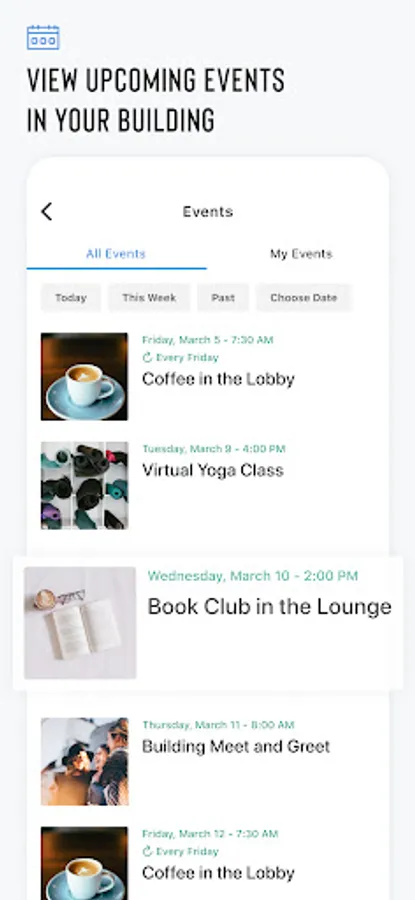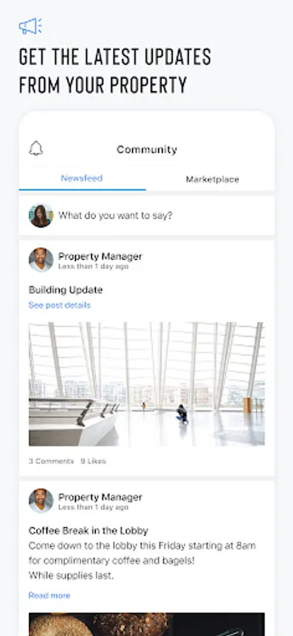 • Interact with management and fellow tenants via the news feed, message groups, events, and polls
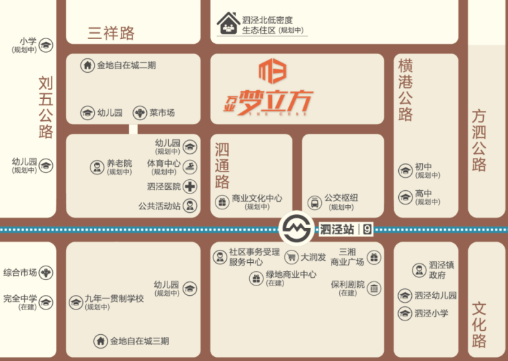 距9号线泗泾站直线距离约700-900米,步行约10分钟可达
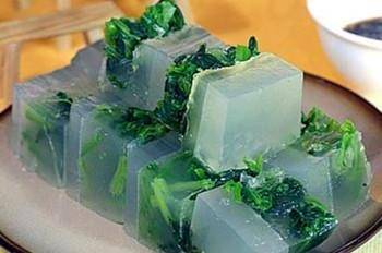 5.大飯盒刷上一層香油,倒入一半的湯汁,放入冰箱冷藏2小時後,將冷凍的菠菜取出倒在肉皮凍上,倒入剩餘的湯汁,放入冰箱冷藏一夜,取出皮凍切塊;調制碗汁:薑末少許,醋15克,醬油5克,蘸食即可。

==

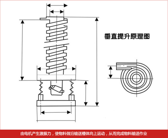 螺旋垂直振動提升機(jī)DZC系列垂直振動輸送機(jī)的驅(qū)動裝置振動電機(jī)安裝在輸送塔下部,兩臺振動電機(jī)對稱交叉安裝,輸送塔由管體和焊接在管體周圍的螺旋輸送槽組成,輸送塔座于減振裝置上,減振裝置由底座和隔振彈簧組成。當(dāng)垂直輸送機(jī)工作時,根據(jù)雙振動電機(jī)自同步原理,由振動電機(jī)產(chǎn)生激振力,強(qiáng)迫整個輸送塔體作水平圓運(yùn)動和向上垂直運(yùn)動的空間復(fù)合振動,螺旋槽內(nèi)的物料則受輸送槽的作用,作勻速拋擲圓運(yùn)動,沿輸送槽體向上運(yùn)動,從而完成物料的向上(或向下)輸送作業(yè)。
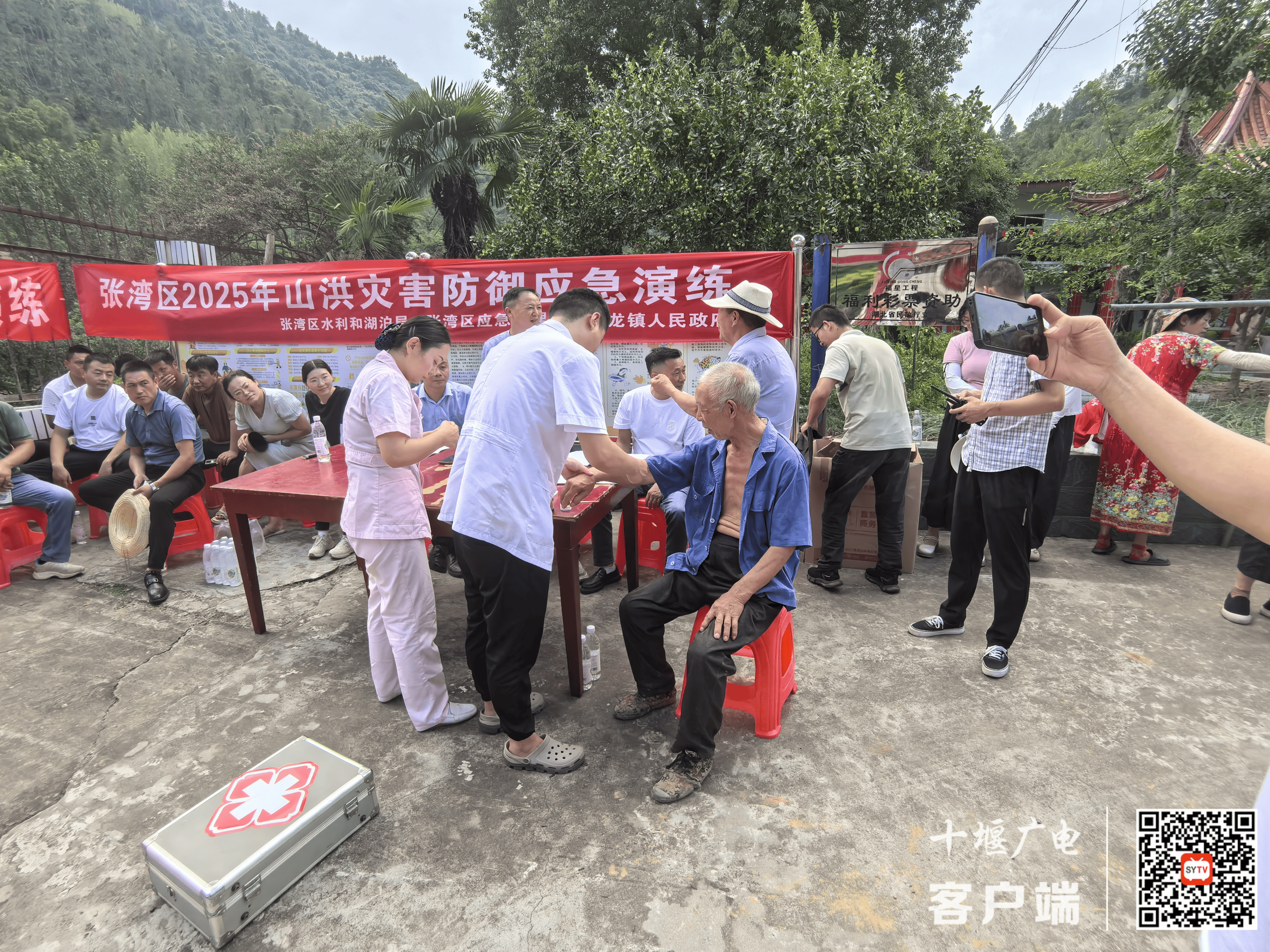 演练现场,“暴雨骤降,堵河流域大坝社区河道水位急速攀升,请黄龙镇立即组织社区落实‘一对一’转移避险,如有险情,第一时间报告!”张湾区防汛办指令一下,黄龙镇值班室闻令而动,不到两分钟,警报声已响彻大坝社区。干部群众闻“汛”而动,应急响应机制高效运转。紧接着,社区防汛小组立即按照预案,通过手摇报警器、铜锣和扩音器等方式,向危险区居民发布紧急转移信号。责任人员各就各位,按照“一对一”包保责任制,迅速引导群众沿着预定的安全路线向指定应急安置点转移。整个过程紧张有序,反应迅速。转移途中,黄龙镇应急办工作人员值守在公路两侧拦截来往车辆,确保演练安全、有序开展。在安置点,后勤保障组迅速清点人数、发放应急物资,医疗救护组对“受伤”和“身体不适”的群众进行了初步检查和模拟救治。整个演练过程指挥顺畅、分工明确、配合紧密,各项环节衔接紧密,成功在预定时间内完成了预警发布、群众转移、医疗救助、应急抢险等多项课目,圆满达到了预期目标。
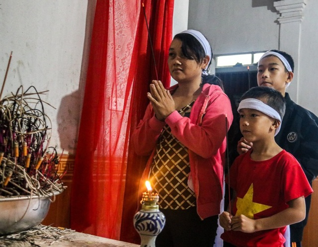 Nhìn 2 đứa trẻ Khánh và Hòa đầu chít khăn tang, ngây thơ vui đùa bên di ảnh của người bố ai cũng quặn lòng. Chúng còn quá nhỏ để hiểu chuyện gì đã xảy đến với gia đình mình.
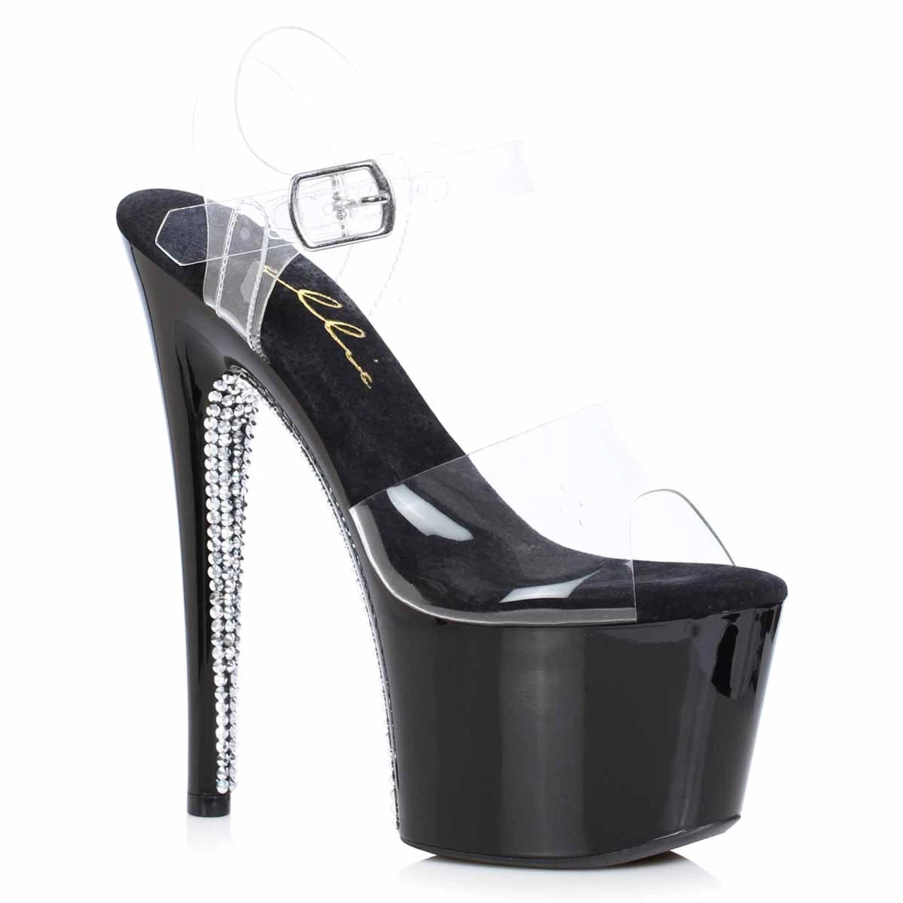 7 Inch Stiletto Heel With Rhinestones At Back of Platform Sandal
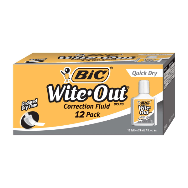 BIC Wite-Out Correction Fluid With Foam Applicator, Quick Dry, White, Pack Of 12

Your goal: Please print the lines above word for word, starting at the one with "距9号线泗泾站直线距离约700-900米,步行约10分钟可达" and ending at the one with "5.大飯盒刷上一層香油,倒入", both included, and without any picture.

Response:
 距9号线泗泾站直线距离约700-900米,步行约10分钟可达
 5.大飯盒刷上一層香油,倒入一半的湯汁,放入冰箱冷藏2小時後,將冷凍的菠菜取出倒在肉皮凍上,倒入剩餘的湯汁,放入冰箱冷藏一夜,取出皮凍切塊;調制碗汁:薑末少許,醋15克,醬油5克,蘸食即可。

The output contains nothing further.